As Maine’s Land Use Regulation Commission moves toward a decision on the Plum Creek proposal for the Greenville region, opposition to the plan seems to have become increasingly desperate and out of touch with the needs of rural Maine.
To some extent, this endgame seems to be influenced by the failure of an ill-considered political strategy that the Natural Resources Council of Maine and others have adopted throughout the three-year process. Gambling that Plum Creek’s proposal could be blocked, opponents chose not to join other stakeholders in the meaningful negotiations that have led to a revised proposal.
The revised concept reflects perspectives of a broad coalition of community, social, economic and environmental interests and the compromises participants in the negotiations achieved. The resources council and other opponents are now dealing with the price of obstruction. They refer to Moosehead Lake as Maine’s crown jewel, a metaphor that recalls somewhat bizarrely the way the British in the heyday of their empire referred to the Indian subcontinent: “the jewel in the crown.” Many of us in Northern Maine are not surprised by colonial attitudes, but those attitudes do not offer us an acceptable future.
Because Plum Creek and its local representatives chose to negotiate, because leaders in Greenville and elsewhere joined the negotiations, a rural Maine community has arrived at a realistic approach to sustainable development when all that well-meaning alternatives seem to offer is more of the same underdevelopment that has impoverished our region for a generation. The largely positive response of the LURC staff to the revised Plum Creek concept plan recognizes the value of what a corporation, a community and their partners can achieve. At the same time, opponents, having failed to make a convincing case at the LURC hearings, are now using emotions around Lily Bay to defeat a realistic plan for sustainable development that they were unwilling to negotiate.
What does sustainable development require?
It requires conservation and environmental protection. The Plum Creek plan offers a realistic approach to both, one that can be implemented as soon as the plan is adopted. At best what opponents offer are fanciful alternatives that seem designed to confuse any meaningful discussions.
Sustainable development requires substantial economic investment. The Plum Creek plan provides for this investment. Does anyone seriously believe that summer visitors and summer homes do not make a significant contribution to the Maine economy? Opponents have had a number of years to find alternative, viable investments in the Greenville region (perhaps more of the money that has been raised to buy and conserve land in rural Maine could have been used to conserve rural Maine communities), but no realistic alternatives have been developed.
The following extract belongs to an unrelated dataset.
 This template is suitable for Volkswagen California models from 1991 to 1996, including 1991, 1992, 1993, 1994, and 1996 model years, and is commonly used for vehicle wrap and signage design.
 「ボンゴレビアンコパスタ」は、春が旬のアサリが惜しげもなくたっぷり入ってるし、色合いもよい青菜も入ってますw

Sustainable development requires social and cultural development. It has been clear for some time that vital institutions such as schools and a local hospital are at risk in the Greenville region. Plum Creek and others who support the concept plan have been working to create a viable future for the region’s schools and hospital. They have been working to develop the kind of broadband and computer resources that can provide an infrastructure for an innovative economy that will sustain social and cultural development.
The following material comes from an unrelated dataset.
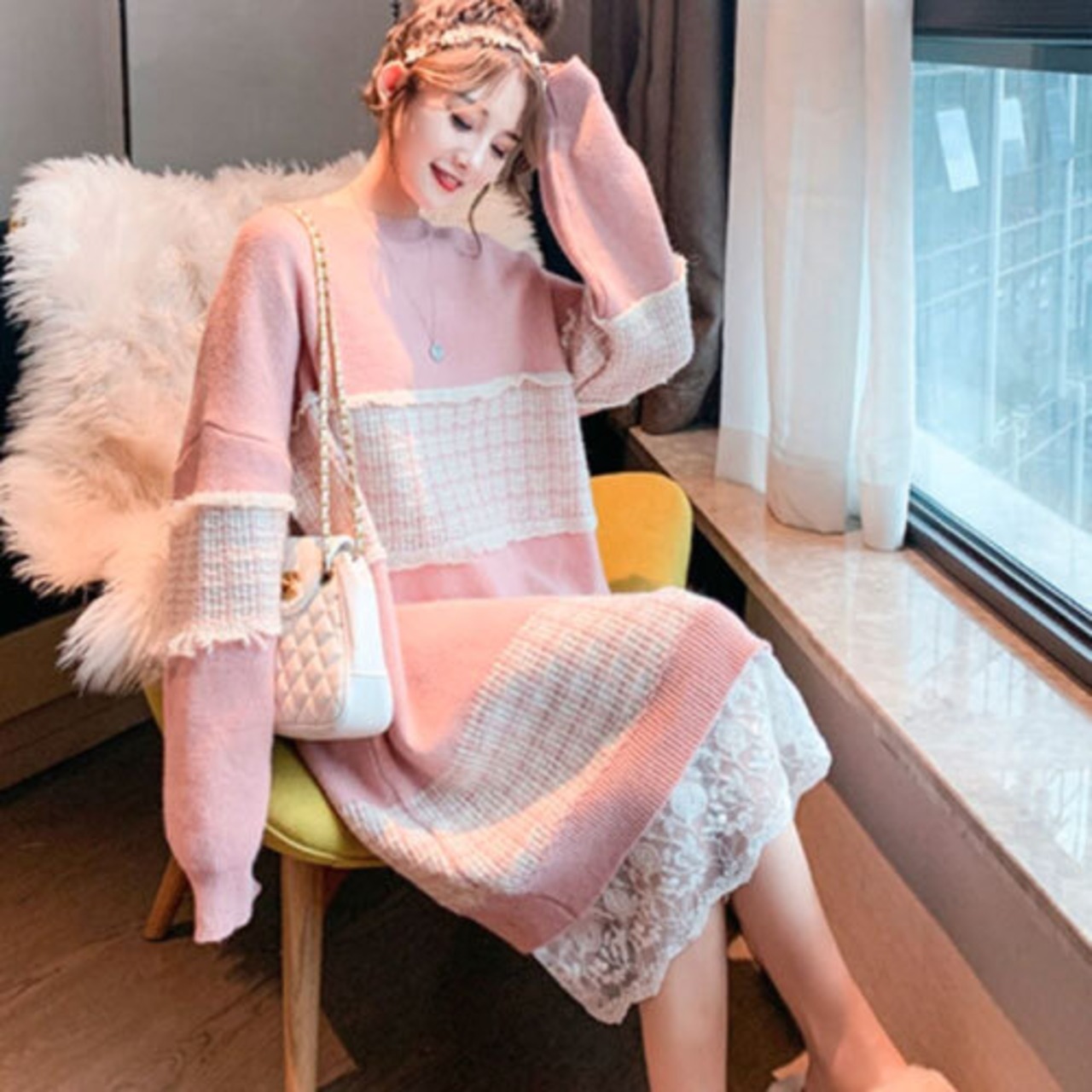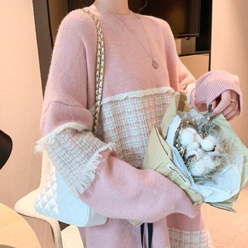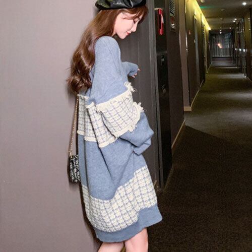 春 スプリング 長袖 ゆったり ルーズ 切替え ツイード ラフ ワンピース RB-R4-03-BY-SA-0100

Time is quite short. While the resources council and others may argue that their alternative visions for the Moosehead Region are a viable alternative, they could only have been viable in the context of meaningful negotiations with the coalition that developed the concept plan. To reopen these negotiations now would add years of delay that rural Maine cannot afford.
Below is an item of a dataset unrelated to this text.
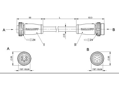 - Připojení 1: 7/8"-Zásuvka, přímý, 5-pólový
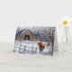 A cute country western Christmas Season's Greetings card with a long horn cow, in a fence and a cute barn with a Christmas tree and wreath. All in snow,

The resources council and other opponents chose to obstruct rather than engage. That was a political choice, but, given a progressive politics, couldn’t we have hoped for better? As a result LURC has not been asked to choose between sustainable development on the one hand and sustained underdevelopment on the other. Under the circumstances, a choice on the merits does not turn out to be difficult. LURC should approve the concept plan.
Yvon Labb?, a resident of Greenville, is director of the Franco-American Centre at the University of Maine. Tony Brinkley of Bangor is the center’s senior faculty associate.